I met my fiance 7 years ago. He has 2 sons from previous relationship. One is now 14 the other is age 8. We have a son aged 4. All boys but all at different stages in their development. The 14 year old has his own Xbox which my fiancée bought him when we were dating and our finances weren’t entwined. The 8 year old has access to my nephews Xbox (he is also 14) which he used to bring round when he was younger to play Xbox with my 14 year old step son. He doesn’t do this any longer because they prefer to play online and my brother got rich and bought my nephew a ridiculously over expensive games room kitted out with so many mod-cons he never wants to leave it! Anyway, the issue is my 4 year old who loves and adores my step sons wants their attention and wants to be like his brothers. My son likes to play Minecraft and wobbly life because that’s what the 8 year old used to play so naturally he wants to be like them. They’d play together on one Xbox. The 14 year old has his own Xbox and plays uninterrupted with my nephew online. The 8 year old is very difficult to please and now seems to only want to play Fortnite! I have now banned Fortnite because of my 4 year old. He wants to be a big boy like his brothers and I don’t feel it’s appropriate give it’s a rating of 12. So this now causes problems. The 8 year old sulks essentially and is now saying he doesn’t want to come over to see us. My other half feels he should have his own Xbox but that means they will essentially ignore my son and shut themselves away from him. I force them off at lunchtime for a minimum of 2 hours so we can actually spend time as a family. We also go out but the 8 year old sulks and complains frequently that he’s bored. It’s incredibly frustrating. The 14 year old gives us very little trouble and is largely compliant and easy going about everything but my 8 year old is proving to be really difficult to manage. My 4 year old adores him and just wants him to play with him constantly. My finance feels the 14 year old gets it his own way cos it’s “his” Xbox and the 8 and 4 year old have to share one.

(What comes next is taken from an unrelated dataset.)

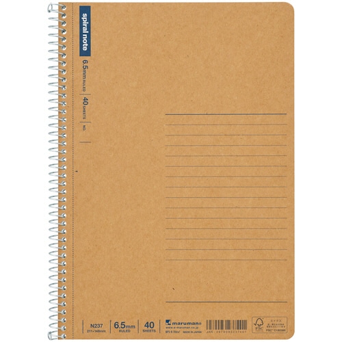 商品仕様 | ●サイズ/A5 ●寸法/タテ211×ヨコ155mm ●罫幅/6.5mm ●枚数/40枚 ●行数/26行 ●坪量/70g/m2 ●材質/表紙:クラフトボール、中紙:上質紙 ●その他仕様/●スパイラル製本(コイルループ) ●ミシン目入 |

I allow my son to play with the 8 year old as a treat at the weekends. When they go home he no longer plays. I do not feel it appropriate for a 4 year old to be playing Xbox but at the same time I want him to be playing with his brothers and happy so I’m torn completely. Also, I want my 2 step sons to be happy and do what they want to do and understand they won’t want to play with my 4 year old all weekend. It’s a difficult balancing act and any advice will be valued!
I should add, the 8 year old does not have his own Xbox at home at his mothers but does have a Nintendo switch and they with us for 1 over night stay a week due to distance. There is no younger sibling at home which needs priority (so he gets everything his own way) and he has to travel an hour in the car each week to come over so I have considered this as a factor in why he shows reluctance and moans!